API Descriptions for Humans & Machines

Kingsley Uyi Idehen
OpenLink Virtuoso Weblog
3 min readJun 23, 2016
Description of the Uber API using YAML via Swagger.io Editor

These days, Swagger is more or less the de facto standard for API descriptions. It primarily offers API documentation (i.e., description documents), aimed at (English speaking) human readers, automatically produced from APIs specified in two document forms:

  • YAML
  • JSON

Problem

That’s all fine, until we attempt to reconcile this documentation approach with the elusive (until now!) goal of creating and exploiting "Smart Agents" whose smartness requires that they understand the APIs.

Likewise, we often need such API documentation to be comprehensible to those who don’t speak or read English.

Solution

Smart Agents, and developers who don’t read English, can all still benefit from Swagger API descriptions, courtesy of the transformation services provided by our URIBurner service.

For Smart Agents looking to perform RESTful interactions, driven by self-describing structured data comprised of webby entity relationship graphs (a/k/a Linked Data), this boils down to converting JSON-based API descriptions into RDF-based Descriptions — using any of many document types (e.g., JSON-LD, Turtle, N-Triples, and others).

For non-English readers, this also boils down to Linked Data documents (JSON-LD or Turtle, for example), where entity→attribute→value or subject→predicate→object statements are the fundamental basis for understanding how an API description has been encoded.

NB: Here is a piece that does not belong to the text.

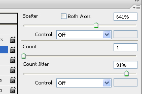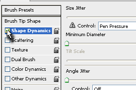 V istem oknu obkljukamo Shape Dynamics Ter določimo vrednosti Size Jitter na 100%
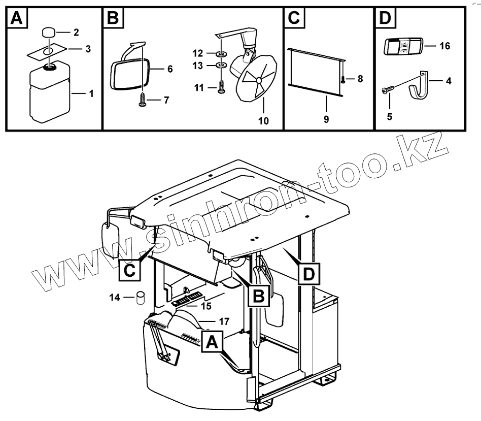 Каталог запасных частей к технике: SDLG LG956V. Cab inner parts assembly

Linked Data Rendition of the Uber API Description

The steps for generating a machine- and human-comprehensible API description document from one originally published using Swagger is as follows:

  1. Locate a Swagger-based API description — for instance, the Uber API description, via the Swagger Editor provided by swagger.io.
  2. If a URI for a JSON variant of the API description document isn’t available, simply download a JSON variant to your local disk
  3. Upload your local copy to an HTTP location on the Web so that it can be retrieved by URIBurner — e.g., I’ve uploaded a copy of the Uber API Description to my personal data space
  4. Pass the URI of the API description document — e.g., http://linkeddata.uriburner.com/about/html/http://kingsley.idehen.net/DAV/home/kidehen/Public/Swagger/uber_api_swagger.json — or of a richer document that adds serendipitous discovery of related data to the mix — e.g., http://linkeddata.uriburner.com/describe/?uri=http%3A%2F%2Flinkeddata.uriburner.com%2Fabout%2Fid%2Fentity%2Fhttp%2Fkingsley.idehen.net%2FDAV%2Fhome%2Fkidehen%2FPublic%2FSwagger%2Fuber_api_swagger.json — to our URIBurner Service
  5. Done!

Following the steps above, you’ll have a Linked Data document that enables Humans and Smart Agents alike to explore and comprehend the entity relationships that constitute the Uber API — including all Actions that are invocable thereby.

Here are some screenshots depicting a variety of views of the Linked Data documents about the Uber API.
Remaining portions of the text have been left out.